#### [TASK REQUIREMENTS]
For this exercise, please return exactly the line containing "3. 愛知県公立高校入試2024「英語」の試験問題・解答 「Well, if" and each line after it through the end of the records, with no pictures included.

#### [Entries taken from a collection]

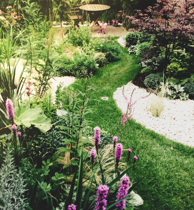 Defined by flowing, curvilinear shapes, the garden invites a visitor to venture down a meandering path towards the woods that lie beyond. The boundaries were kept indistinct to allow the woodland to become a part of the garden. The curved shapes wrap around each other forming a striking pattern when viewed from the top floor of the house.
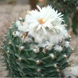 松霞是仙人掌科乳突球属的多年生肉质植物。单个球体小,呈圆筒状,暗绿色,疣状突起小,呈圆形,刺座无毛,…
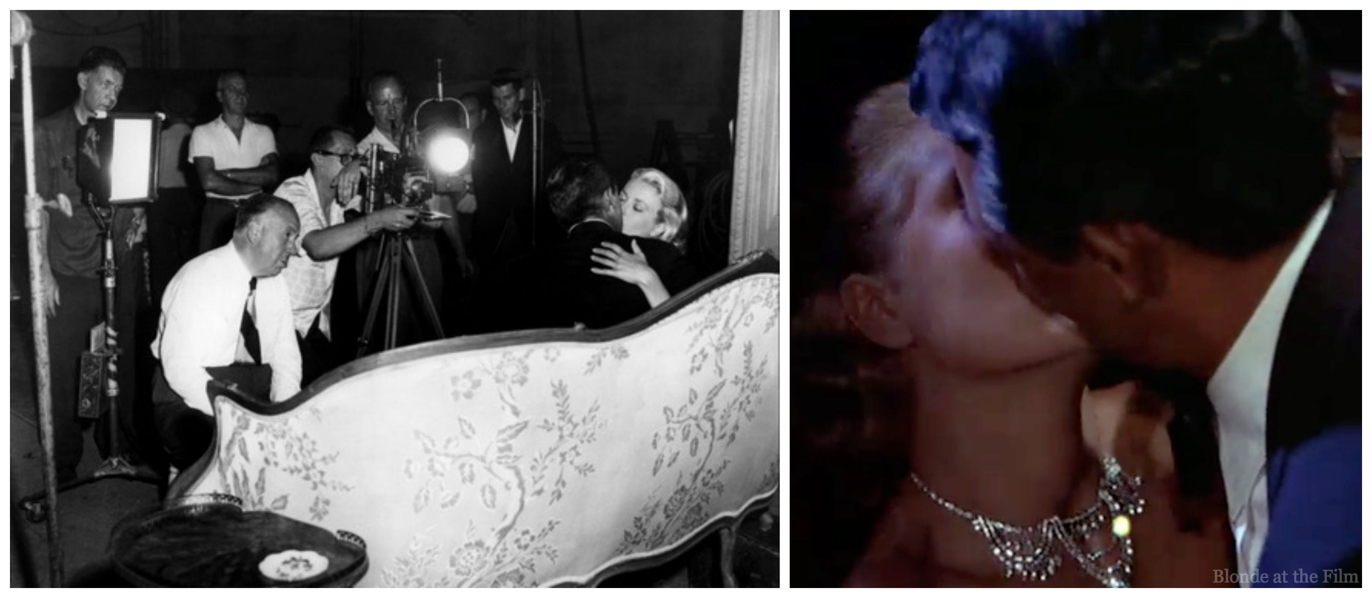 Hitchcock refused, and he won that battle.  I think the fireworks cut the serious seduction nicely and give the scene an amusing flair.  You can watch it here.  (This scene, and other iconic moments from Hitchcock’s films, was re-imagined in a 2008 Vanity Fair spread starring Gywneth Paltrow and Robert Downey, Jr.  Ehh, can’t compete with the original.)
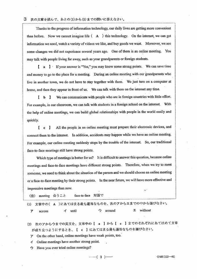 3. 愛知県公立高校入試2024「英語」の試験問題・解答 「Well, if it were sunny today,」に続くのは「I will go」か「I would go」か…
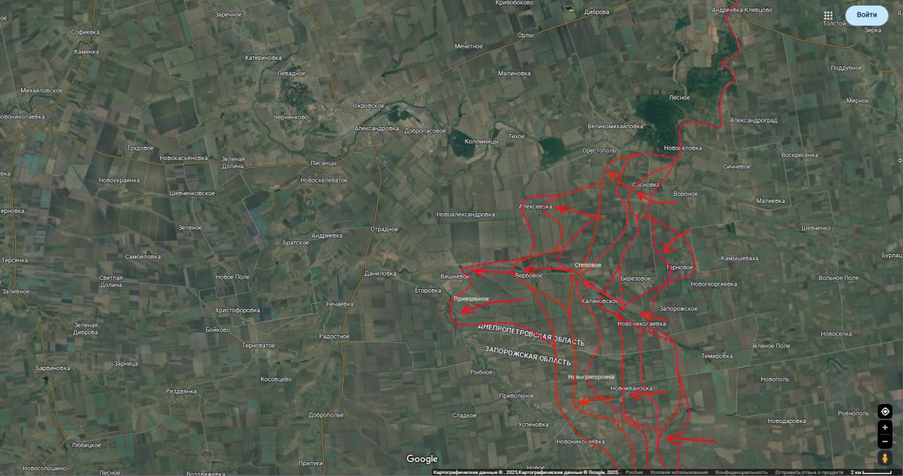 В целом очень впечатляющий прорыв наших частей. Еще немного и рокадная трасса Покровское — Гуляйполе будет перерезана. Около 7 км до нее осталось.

#### [SOLUTION TO THIS TASK]
 3. 愛知県公立高校入試2024「英語」の試験問題・解答 「Well, if it were sunny today,」に続くのは「I will go」か「I would go」か…
 В целом очень впечатляющий прорыв наших частей. Еще немного и рокадная трасса Покровское — Гуляйполе будет перерезана. Около 7 км до нее осталось.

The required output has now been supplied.